Question

If \( z = e^{2\pi i / 3} \), then \( 1 + z + 3z^2 + 2z^3 + 2z^4 + 3z^5 \) is equal to:

• A. \( -3e^{\pi i / 3} \)
• B. \( 3e^{\pi i / 3} \)
• C. \( 3e^{2\pi i / 3} \)
• D. \( -3e^{2\pi i / 3} \)
• E. \( 0 \)

Hint:

When you see $e^{2\pi i / n}$, you are working with $n$-th roots of unity. Always group the terms in sets of $n$ to exploit the fact that their sum is zero.

Answer 1

The Correct Option is A

Concept: The value \( z = e^{2\pi i / 3} \) is one of the complex cube roots of unity, commonly denoted as \( \omega \). Properties of \( \omega \):
• \( \omega^3 = 1 \)
• \( 1 + \omega + \omega^2 = 0 \) We simplify the given expression using these properties.
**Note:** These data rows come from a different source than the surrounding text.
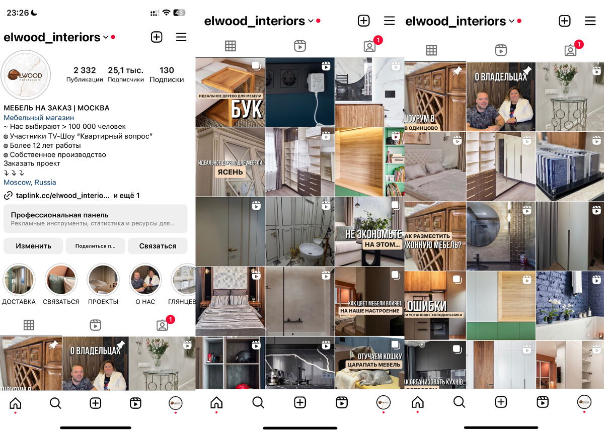 Глаза боятся руки - делают или как расскачать аккаунт! В мае я беру проект мебельного магазина с собственным производством и полностью меняю стратегию продвижения. С чем пришел клиент: Клиент пришел со всем “пакетом” соцсетей, велись они не регулярно и с полным отсутствием стратегии. Запрос клиента: Какую работу мы проделали: Работу я начала с анализа конкурентов и анализа ЦА, так как аккаунт был уже минимально упакован. Далее с командой мы разработали маркетинговую стратегию и придерживались ей несколько месяцев, чтобы расскачать аккаунт и сдвинуть с места показатели статистики. Результаты работы за 4 месяца: Каждый месяц мы получаем от 15 до 40 заявок со всех соцсетей. За 2 месяца полностью переупаковали инстаграм и при переходе на аккаунт понятно, что это за компания, что можно купить и куда можно для этого обратиться. Вышли на стабильный постинг. В инстаграм пришло 1848 новых подписчиков. Увеличили охваты на сторис в 4 раза. Расскачали Рилс, что с них приходит большая часть подпис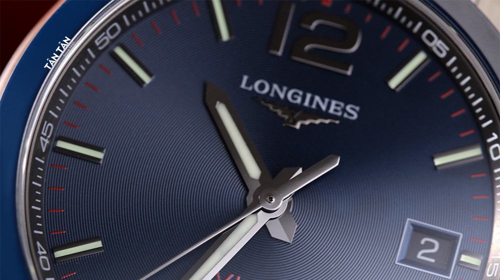 Bên cạnh đó, logo thương hiệu “Longines” sắc nét được đặt tại góc 12h, cùng dòng chữ VHP màu đỏ và thông số 5bar phía dưới bộ kim khẳng định dấu ấn riêng cùng chất lượng đẳng cấp của đồng hồ. Ô lịch ngày đặt gọn gàng và nổi bật tại vị trí 3h giúp người đeo dễ dàng quản lý lịch trình. Tất cả chi tiết được sắp xếp một cách tinh giản, hài hòa và thống nhất với tổng thể, tôn lên vẻ đẹp nam tính và mạnh mẽ của các quý ông.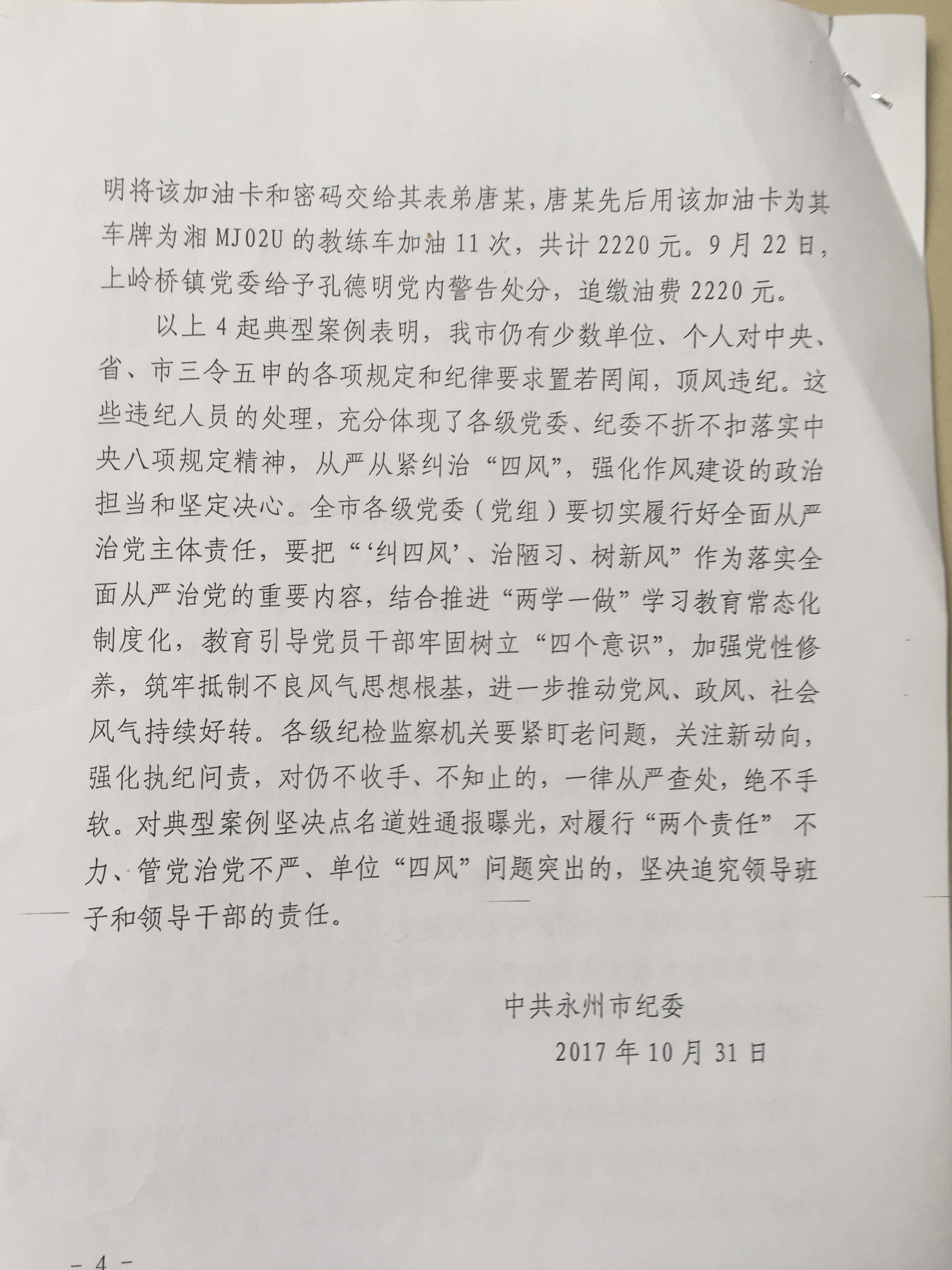 关于转发《中共永州市纪委关于4起违反作风建设规定典型案例通报》等文件的通知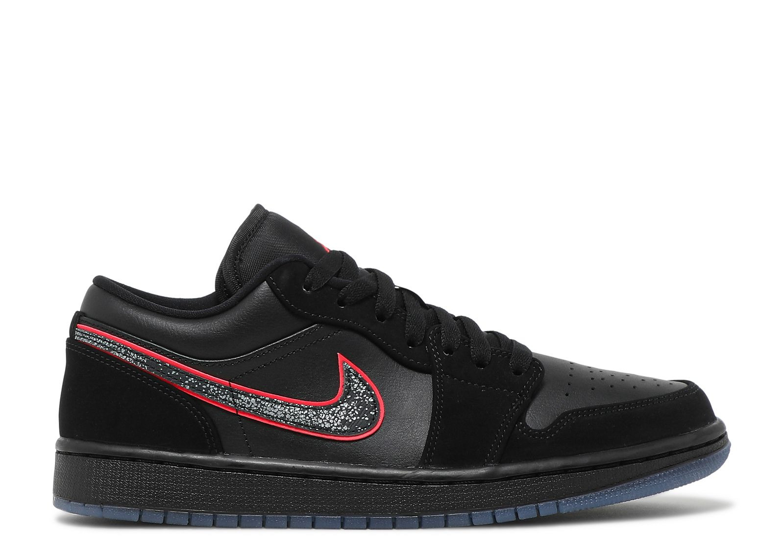 The Air Jordan 1 Low 'Red Orbit' features vibrant accents on its signature tooling. The shoe's upper is built with leather, finished in black and overlaid by nubuck. The Swoosh outline highlights the look in Red Orbit, with a cracked effect on the Swoosh itself. The nylon tongue adds further red via the Jumpman branding, while underfoot, a black Air midsole provides cushioning. SKU: CK3022 006 Colorway: Black/Black/Red Orbit Release Date: 7/24/20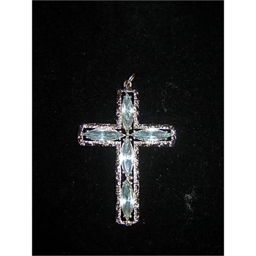 <tr><td>Type:ETCHED SILVERTONE CROSS W/LG.BLUE MARQUIS RHINESTONES</td></tr>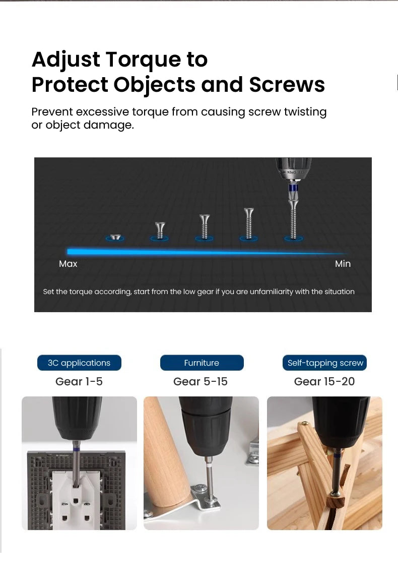 - Intuitive Steuerung mit leicht erreichbarem Schalter und Drehmoment-Einstellungen für schnelle Anpassung an verschiedene Aufgaben.
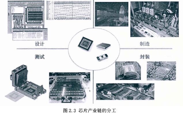 LED顯示屏芯片制造業(yè)屬于高風險高投入高收益的“三高”行業(yè)。入行門檻較高,但隨,著國家對集成電路行業(yè)的大力投入和支持,許多芯片設(shè)計公司紛紛成立,其根本的生命力在于它可以大批量、低成本和高可靠地生產(chǎn)。比如,集成電路芯片的價格約為10-100美元,而生產(chǎn)線的投資卻高達10-15億美元(200mm,0.1 8um),隨著工藝不斷向著深亞微米級發(fā)展,目前已有28nm的生產(chǎn)工藝,投資會越來越高。為了滿足市場的發(fā)展需要及降低芯片的生產(chǎn)成本,如圖2.3所示,市場上出現(xiàn)了芯片制造產(chǎn)業(yè)鏈的分工,主要包括設(shè)計、制造、封裝和測試四大部分。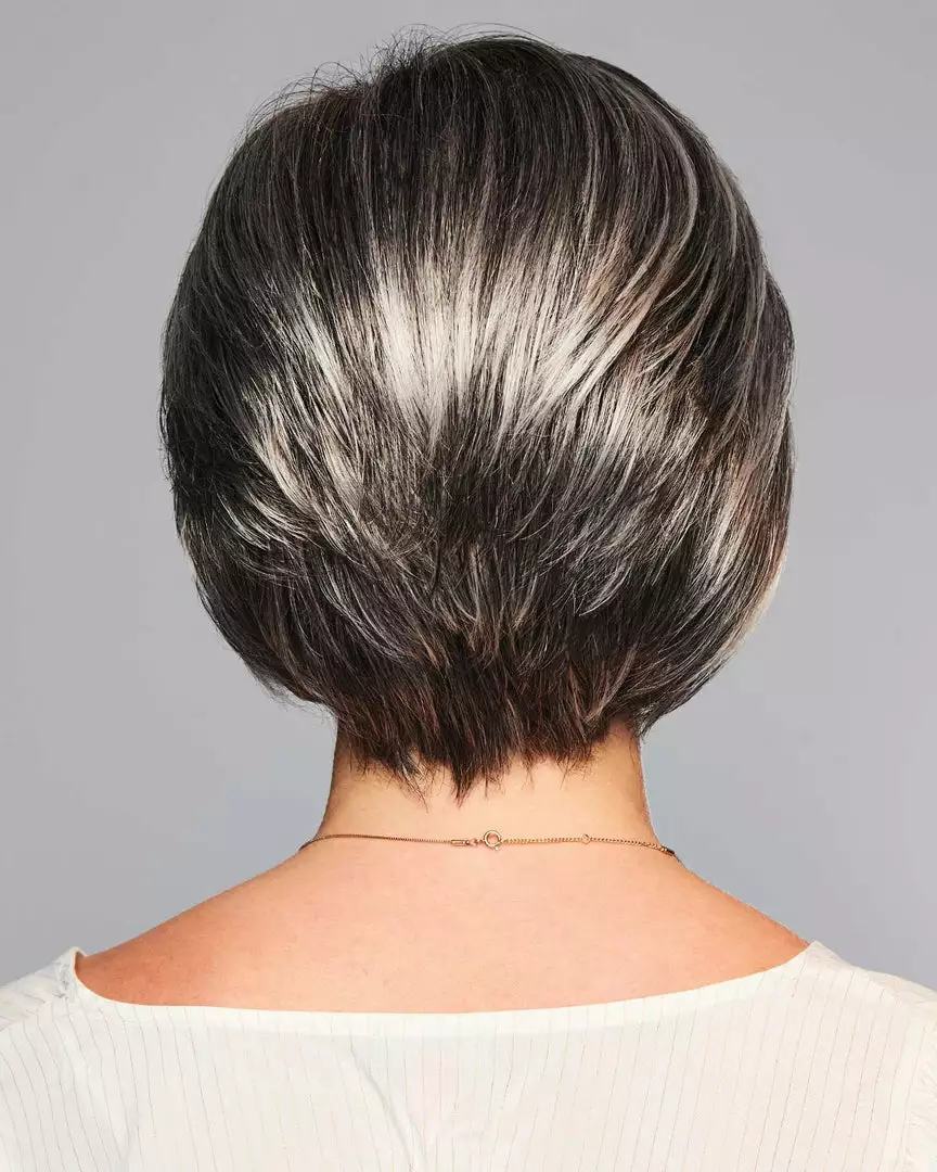 From its chin-length front layers to a tapered nape, this chic bob has a piece-y texture that can be styled towards the face for a playful look or brushed away for a sophisticated effect.

Step 1: Simplify higher powers of \( z \).
Using \( z^3 = 1 \): \[ z^3 = 1 \] \[ z^4 = z^3 \cdot z = z \] \[ z^5 = z^3 \cdot z^2 = z^2 \]

Step 2: Substitute back into the expression.
\[ 1 + z + 3z^2 + 2(1) + 2(z) + 3(z^2) \] Combine like terms: \[ (1 + 2) + (z + 2z) + (3z^2 + 3z^2) \] \[ 3 + 3z + 6z^2 \] \[ 3(1 + z + 2z^2) \]

Step 3: Apply \( 1 + z + z^2 = 0 \).
Since \( z^2 = -(1 + z) \): \[ 3(1 + z + 2z^2) = 3(1 + z + z^2 + z^2) = 3(0 + z^2) = 3z^2 \]

Step 4: Express in exponential form.
\( 3z^2 = 3(e^{2\pi i / 3})^2 = 3e^{4\pi i / 3} \). Note that \( e^{4\pi i / 3} = e^{4\pi i / 3 - 2\pi} = e^{-2\pi i / 3} \). Also, \( e^{4\pi i / 3} = e^{\pi i} \cdot e^{\pi i / 3} = -1 \cdot e^{\pi i / 3} \). \[ 3z^2 = -3e^{\pi i / 3} \]